The increased patch size or toolpath also helps to improve the surface finish. Without a Z focus shifter, you must blend multiple small patches when working with high-angle or complex geometries. However, with the Z focus shifter, you can complete complex, high-angle surfaces with fewer patches, producing higher quality, and more uniform textures while decreasing the machining time.

The Z focus shifter paired with dual flexi-pulse sources adds a new level of quality to laser texturing, engraving and micromachining. The flexi-pulse sources adjust the pulse duration from 4-200 nanoseconds. Reducing the length of the pulse improves quality by reducing the energy lost below the ablation threshold. This feature allows better control of the surface finish, minimizes burr or recast and reduces microfracturing. With dual sources, you can switch between 100 watts to 30 watts.

When using short-duration pulsed lasers, surface imperfections are still present. By reducing the length of the pulse it is possible to improve the quality. The key is reducing the energy lost below the ablation threshold. With flexi lasers, improved quality is possible, depending on the materials and applications.  

 

Laser Usage Guide

Laser texturing, engraving and micromachining are completely digital processes working off of 3D CAD data. What follows is a step-by-step guide:

Laser Texturing:

1. Start with a mold or part design as an .stp or .iges file and select the surfaces to be textured. A colored CAD model or print indicating the surfaces speeds up the process.
2. Create and flatten a mesh from the surfaces to apply the texture. Using high-resolution grayscale images, apply the pattern to the mesh to achieve seamless patterns with minimal deformation on complex geometries. Textures can be industry standard, created from CAD data or custom designed.  
3. Next, create renderings of the finished part to enable designers to apply final adjustments before laser texturing the mold.

A mold cavity for a 3M disposable scotch tape dispenser with the signature plaid pattern. The pattern on the mold cavity was rendered before laser texturing. The top photo shows the final result and the bottom image is a rendering.

Laser Engraving and Micromachining:

1. Start with the mold design as an .stp or .iges file, and select the text, logos or part detail to be engraved. A colored CAD model or print indicating the text, logos or part detail to be engraved speeds up the process.
2. Create a volume mesh from the detail to be engraved. The volume mesh dictates the shape and depth of the engraving.   
3. Perform a sample cut to confirm the slice depth before engraving.

Moldmaking Impacts

In addition to reduced machining times and improved surface finishes, laser technology allows multiple processes, textures and engraving to be completed on one machine in one setup. For example, a firearms project requiring a custom print pattern on the grip with a matte finish on the frame and an engraved logo can all be completed on one machine. The ability to do this allows for unprecedented quality and turnaround time while delivering highly detailed, repeatable results that produce crisp lines with no undercut. At the same time, traditional techniques would require multiple steps, processes and/or machines to complete the same project.

The steel of this mold component was laser engraved and machined to create the standing hexagon features and logo.
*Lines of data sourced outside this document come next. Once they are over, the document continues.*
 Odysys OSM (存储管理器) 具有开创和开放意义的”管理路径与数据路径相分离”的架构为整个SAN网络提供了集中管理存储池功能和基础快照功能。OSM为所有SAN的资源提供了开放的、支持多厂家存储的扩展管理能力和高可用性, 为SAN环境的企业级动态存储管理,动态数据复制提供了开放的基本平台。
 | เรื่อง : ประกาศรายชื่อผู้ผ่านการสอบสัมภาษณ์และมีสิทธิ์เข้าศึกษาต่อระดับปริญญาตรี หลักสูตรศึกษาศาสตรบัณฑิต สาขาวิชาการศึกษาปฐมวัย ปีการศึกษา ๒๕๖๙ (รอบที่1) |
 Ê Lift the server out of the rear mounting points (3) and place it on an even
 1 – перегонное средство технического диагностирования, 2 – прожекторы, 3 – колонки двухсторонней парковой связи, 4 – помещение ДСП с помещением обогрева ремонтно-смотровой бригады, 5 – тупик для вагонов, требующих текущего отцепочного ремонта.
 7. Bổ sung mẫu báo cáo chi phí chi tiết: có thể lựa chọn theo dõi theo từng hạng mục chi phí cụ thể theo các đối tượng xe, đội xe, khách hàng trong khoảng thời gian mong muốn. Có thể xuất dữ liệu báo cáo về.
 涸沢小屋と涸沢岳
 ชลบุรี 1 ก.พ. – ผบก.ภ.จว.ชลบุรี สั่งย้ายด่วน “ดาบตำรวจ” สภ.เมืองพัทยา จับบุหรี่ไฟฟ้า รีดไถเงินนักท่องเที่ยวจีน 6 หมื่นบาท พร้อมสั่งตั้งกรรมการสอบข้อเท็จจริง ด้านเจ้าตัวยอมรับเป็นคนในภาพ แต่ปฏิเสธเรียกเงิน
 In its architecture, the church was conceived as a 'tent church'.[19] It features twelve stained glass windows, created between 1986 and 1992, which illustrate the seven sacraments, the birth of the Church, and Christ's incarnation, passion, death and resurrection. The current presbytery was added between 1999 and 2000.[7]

Next, a custom print pattern was laser textured over the rest of the cavity. 

Alternately, using chemical etching techniques involve labor-intensive masking and pattern placement via hand transferring and restricts etching of more than one pattern at a time.

The results are difficult to repeat and the process may produce uneven tape lines and undercuts with limitations to pattern designs and depths. In addition, acid etches downward to remove material and outward, which is problematic because it undercuts the pattern detail off as you etch down, creating sticking points around standing features that prevent proper ejection from the mold. 

Laser technology unlocks the potential to achieve depths and detail not previously possible through chemical etching because laser ablation does not undercut detail like chemical etching does. The laser process is also highly repeatable, making it ideal for large, multi-cavity projects that require consistency. As an added benefit, since the laser process does not require acid etching or bead blasting, molds can be left partially assembled during the texturing and engraving process, which is ideal for molds with multiple inserts and ejector pins. This process reduces handling and production time while lowering the risk of damage to mold components through assembly/disassembly, acid etching and bead blasting.

Laser technology unlocks the potential to achieve depths and detail not previously possible through chemical etching because laser ablation does not undercut detail like chemical etching does.

The dimple of this mold cavity component for the automotive industry was laser micromachined to create a homogeneous distribution of light from one end throughout the part. This part highlights micromachining small dome details. 

Conventional engraving and micromachining can also be a time-consuming process using multiple technologies. For example, pantographs have been used for decades to engrave directly into mold cavities or used to cut electrodes, then burned into the cavity using an EDM machine, and high-speed CNC machines can engrave into the mold cavity or cut electrodes. However, both options are limited concerning cutter sharpness, breakage and five-axis capabilities on small, detailed features in restrictive areas where cutter heads or EDM machines cannot reach.

Laser technology solves some of these issues. For example, with a beam width of 0.0013 to 0.002 inch, engraving small details is not a problem and the five-axis capabilities of lasers ensure access to any surface. In addition, with a focal of up to 11 inches and the ability to cut at angles, you can reach virtually any sidewall or pocket. In most cases, this eliminates the need to cut electrodes, burn engraving on hard-to-reach surfaces or achieve fine detail, as well as many issues associated with cutters such as sharpness, breakage, radii and cutter marks that need polishing.

A cavity with an EDM finish (left) and then with a laser matte finish (right). Laser texturing directly over the EDM finish saves time and avoids the need to polish out the EDM, which is a necessary step with a conventional chemical etch process.

If laser engraving directly into the cavity is unachievable (e.g., to create standing text), laser engraving electrodes is the most economical option, as it can easily engrave sharp corners and apply small, intricate details on complex surfaces and geometries. In most cases, you can laser over EDM, which reduces polishing costs and speeds turnaround time. This is impossible with chemical etching techniques, since EDM is not affected by acid and must be removed before texturing. In addition, laser texturing, engraving and micromachining are less susceptible to weld and steel hardness which can cause multiple problems when chemical etching or repairing molds because the acid reacts differently to various hardnesses and materials. 

Laser technology unlocks nearly limitless design capabilities including 3D and pattern morphing. These hexagons were laser engraved with an organic “leaf” textured in between. The leaf was 3D scanned to create the pattern.

Overall, laser technology, combined with process automation, puts the moldmaking industry one step closer to replacing traditional, labor-intensive techniques.